- **WORK TO BE COMPLETED**
Please return all lines from the records below that include the string "high".

- **THE RECORDS**
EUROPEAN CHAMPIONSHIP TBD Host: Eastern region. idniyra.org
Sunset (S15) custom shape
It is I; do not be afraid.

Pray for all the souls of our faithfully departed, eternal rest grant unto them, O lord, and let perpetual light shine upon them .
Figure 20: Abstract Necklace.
==
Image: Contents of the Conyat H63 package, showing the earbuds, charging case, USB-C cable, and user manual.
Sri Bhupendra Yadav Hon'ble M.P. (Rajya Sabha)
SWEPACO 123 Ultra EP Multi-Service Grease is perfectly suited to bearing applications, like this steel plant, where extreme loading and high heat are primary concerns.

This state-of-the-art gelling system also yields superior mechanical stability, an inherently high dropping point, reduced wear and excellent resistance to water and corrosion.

- **SOLUTION**
SWEPACO 123 Ultra EP Multi-Service Grease is perfectly suited to bearing applications, like this steel plant, where extreme loading and high heat are primary concerns.
This state-of-the-art gelling system also yields superior mechanical stability, an inherently high dropping point, reduced wear and excellent resistance to water and corrosion.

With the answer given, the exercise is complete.